Baker v. Manter

2001 ME 26, 765 A.2d 583, 2001 Me. LEXIS 27
CourtSupreme Judicial Court of Maine
DecidedJanuary 31, 2001
StatusPublished
Cited by28 cases

This text of 2001 ME 26 (Baker v. Manter) is published on Counsel Stack Legal Research, covering Supreme Judicial Court of Maine primary law. Counsel Stack provides free access to over 12 million legal documents including statutes, case law, regulations, and constitutions.

Bluebook
Baker v. Manter, 2001 ME 26, 765 A.2d 583, 2001 Me. LEXIS 27 (Me. 2001).

Opinion

RUDMAN, J.

[¶ 1] David and Roberta Manter appeal from the Superior Court’s (Kennebec, Marden, J.) award of $18,208.06 in attorney fees to John Baker. The Manters argue, inter alia, that given the American Rule, there is no legal basis for awarding Baker attorney fees. 2 We agree and vacate the award of attorney fees.

I. BACKGROUND

[¶ 2] John Baker brought a suit seeking, inter alia, preliminary and permanent injunctions enjoining the Manters from interfering with his and the public’s use of the Young Road, other and further relief as the court deemed appropriate, his costs, and punitive damages.

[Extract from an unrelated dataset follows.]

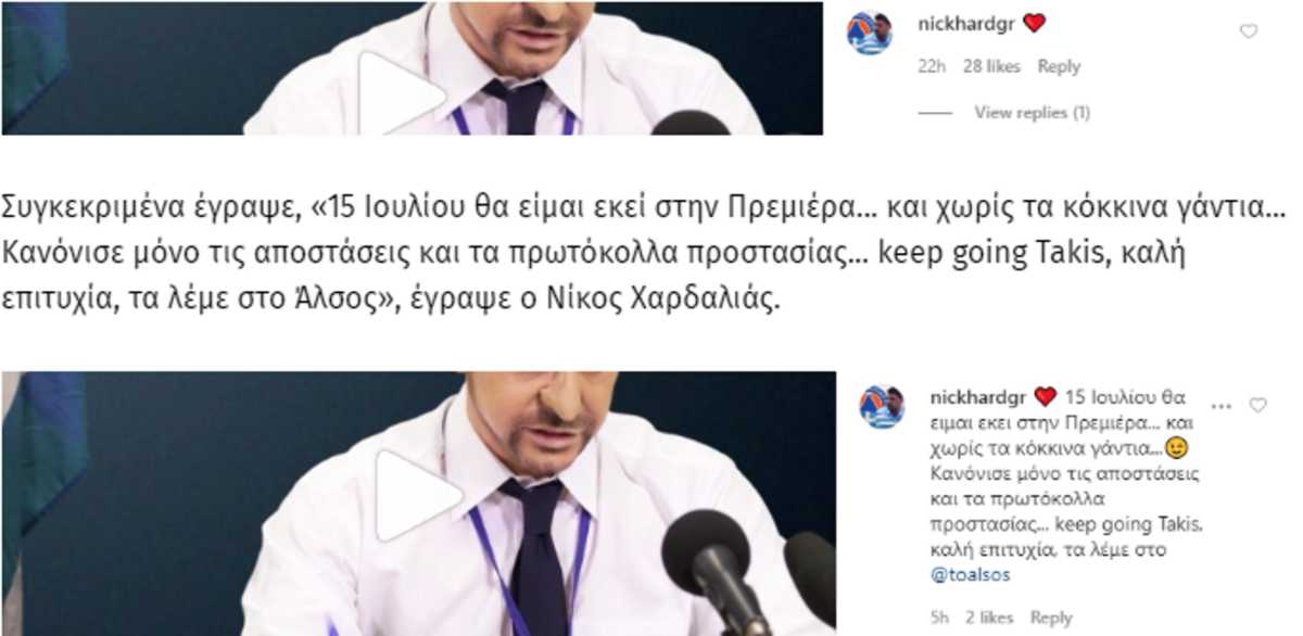 Μάλιστα, ο Νίκος Χαρδαλιάς δεν δίστασε να απαντήσει στον Τάκη Ζαχαράτο στο Instagram.

[¶ 3] In response to Baker’s complaint, the Manters filed counterclaims against Baker alleging that Baker and his logging trucks harmed the Manters by using the whole, but maintaining only a portion, of the Young Road.

[¶ 4] The court granted Baker’s motion for a summary judgment and ordered that “Defendants David L. Manter and Roberta J. Manter, all of their agents, servants, employees and attorneys, and all persons in active concert or participation with them, are permanently enjoined from taking any action which interferes in any way with John Baker’s and the public’s use of the Young Road .... ”

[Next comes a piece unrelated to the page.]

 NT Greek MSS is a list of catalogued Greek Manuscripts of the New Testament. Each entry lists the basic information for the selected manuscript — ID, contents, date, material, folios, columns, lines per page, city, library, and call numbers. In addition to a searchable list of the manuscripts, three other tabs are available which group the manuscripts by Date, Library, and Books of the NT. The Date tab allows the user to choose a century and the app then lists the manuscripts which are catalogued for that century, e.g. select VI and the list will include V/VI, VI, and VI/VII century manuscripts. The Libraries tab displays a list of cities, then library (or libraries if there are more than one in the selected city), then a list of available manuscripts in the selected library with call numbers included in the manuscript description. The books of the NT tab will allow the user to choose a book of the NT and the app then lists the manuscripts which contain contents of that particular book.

[¶ 5] The Manters live on the southerly end of the Young Road. Baker owns woodlots a short distance northerly from the Manters, and prefers to access his lots via the southerly end of the Young Road. The southerly portion of the Young Road has been rebuilt by the Manters and is in a generally good condition, while the northerly portion, though it has been occasionally repaired, is not well maintained and has, at times, been used for logging traffic.

[¶ 6] The Manters assert that the southerly portion of the Young Road should not be used by Baker’s heavy logging trucks because the weight of the trucks damage *585 the road. Baker has attempted to make repairs to the southerly portion of the road, but the Manters objected to the “manner in which the work [has been] done.”

[¶ 7] In late September or early October 1997, the Manters dug a ditch, varying in depth from one to three feet, across the Young Road. The court found that “the ditch was dug by [the Manters] ostensibly for the purposes of installing a culvert.” The Manters did not install a culvert, nor did they erect' signs or place warning devices to notify others of the ditch. Moreover, the Manters admitted that they were aware that the ditch would obstruct traffic on the Young Road.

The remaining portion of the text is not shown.